Recruiting is a classic exercise of supply meeting demand. Demand because every year elite firms need hundreds of bright college graduates to fill the rotating bottom tier of their office hierarchies. Supply because each year a fresh army of ambitious seniors seeks the next brand-name step toward wealth and prestige.

The courtship is a one-size-fits-all process (as long as you like consulting, investment banking, or technology). From athletes to academics, nearly 50 percent of Harvard's senior class goes through recruiting, though only about a fifth of the class indicates long-term career plans in business.

Recruiting is not a new phenomenon. Elite firms have always sought elite employees, but now the professional courtship starts before many students leave their teens. Where the heyday of the 1980s saw a similar hunger for the bright and talented, the new trend in the 1990s surrounds underclassmen. In 1987, more than 90 percent of the students who went through OCS recruiting were seniors. Last year, 40 percent of the 1,250 students who participated were non-seniors applying for summer jobs.

Seeking a career has become a career in itself for Harvard undergraduates. That pressure, once confined to the worries of senior year, now affects sophomores and juniors. "To get a good full-time job, it helps to get an awesome junior-year internship. To get an awesome junior-year internship, you need a mediocre sophomore-year internship. Even for sophomore year, it helps to have worked somewhere freshman year," explains James L. Chen '99, who has spent recent summers working for Bristol-Myers, Deutsche Morgan Grenfell, and J.P. Morgan. "The focus," he emphasizes, "is on the four-year game plan."

Recruiting itself has become an extracurricular activity of sorts.

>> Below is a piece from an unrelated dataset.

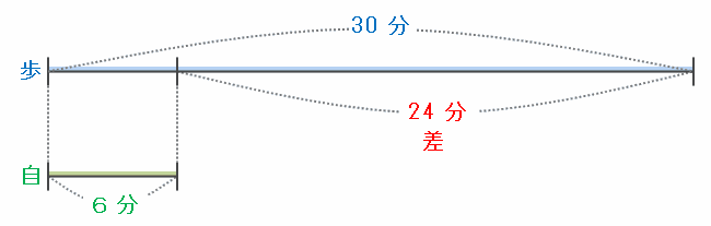 また、徒歩だとそれよりも24分多くかかるので、家からA地まで歩くと6+24=30分かかります。

Résumé writing, interviews, information sessions, company research and dinners become a time-consuming process. "Recruiting is basically another class. It's like writing another thesis," says Paula V. Fernandez '99. The upside of this heavy-duty and accelerated schedule is that students can make informed decisions about their career choices. Fernandez, who has worked for Harvard Student Agencies (HSA), J.P. Morgan, and Morgan Stanley, believes "starting earlier gives people the chance to see whether or not they like these industries."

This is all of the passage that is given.